Kyiv, which estimates that Moscow keeps some 400,000 Russian military personnel deployed in Ukraine, welcomed the instability in the invading country. “Everything is just beginning in Russia,” Mykhailo Podolyak, a top adviser to Ukrainian President Volodymyr Zelenskiy, said Saturday, referring to the divisions shaking the neighboring country. According to Podolyak, it was impossible for both sides to emerge unscathed from the revolt: either the Kremlin or Prigozhin had to be defeated.

“The split between the elites is now too obvious,” said Podolyak. “Someone must lose.” In a message on Twitter, the adviser also pointed out that the “counter-terrorist operation” had already resulted in the seizure of Rostov, a number of federal highways and the military headquarters of the Southern District.

British intelligence reports say that Russia is facing its biggest domestic challenge in years, in which the degree of the military’s loyalty to the Kremlin will be key. The well-known enmity between Prigozhin and the Kremlin has escalated to “military confrontation” and the passivity with which some Russian military personnel have accepted the mercenary uprising suggests that they accept it, according to the report.

Insults and accusations

The confrontation between Shoigu and Prigozhin peaked last week. After months of insults and veiled accusations that he had been outgunned in the Battle of Bakhmut, Prigozhin recorded a video on Thursday in which he accused the minister of lying about Russia’s “successful” defense on the Zaporizhzhia front. “A huge amount of territory is lost. Soldiers have been killed, three, four times more than what it says in documents shown to the top,” said the Wagner Group chief.
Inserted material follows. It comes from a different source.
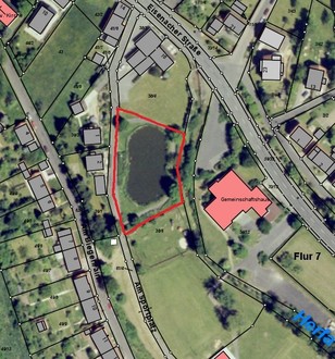 Eine Teilfläche des Grundstückes soll verpachtet werden, dabei handelt es sich um den Teich inklusive angrenzende Uferbereiche. Die Fläche hat eine ungefähre Größe vom 2.500 m².

Before Prigozhin announced a halt to the march, the Head of the Chechen Republic Ramzan Kadyrov broke his silence and placed his Praetorian Guard at the Kremlin’s disposal. “The fighters of the Ministry of Defense and the Russian Guard in the Chechen Republic have already left for the zones of tension,” he said on Telegram. “We will do everything to preserve the unity of Russia and protect its statehood! The rebellion must be crushed, and if this requires harsh measures, then we are ready!”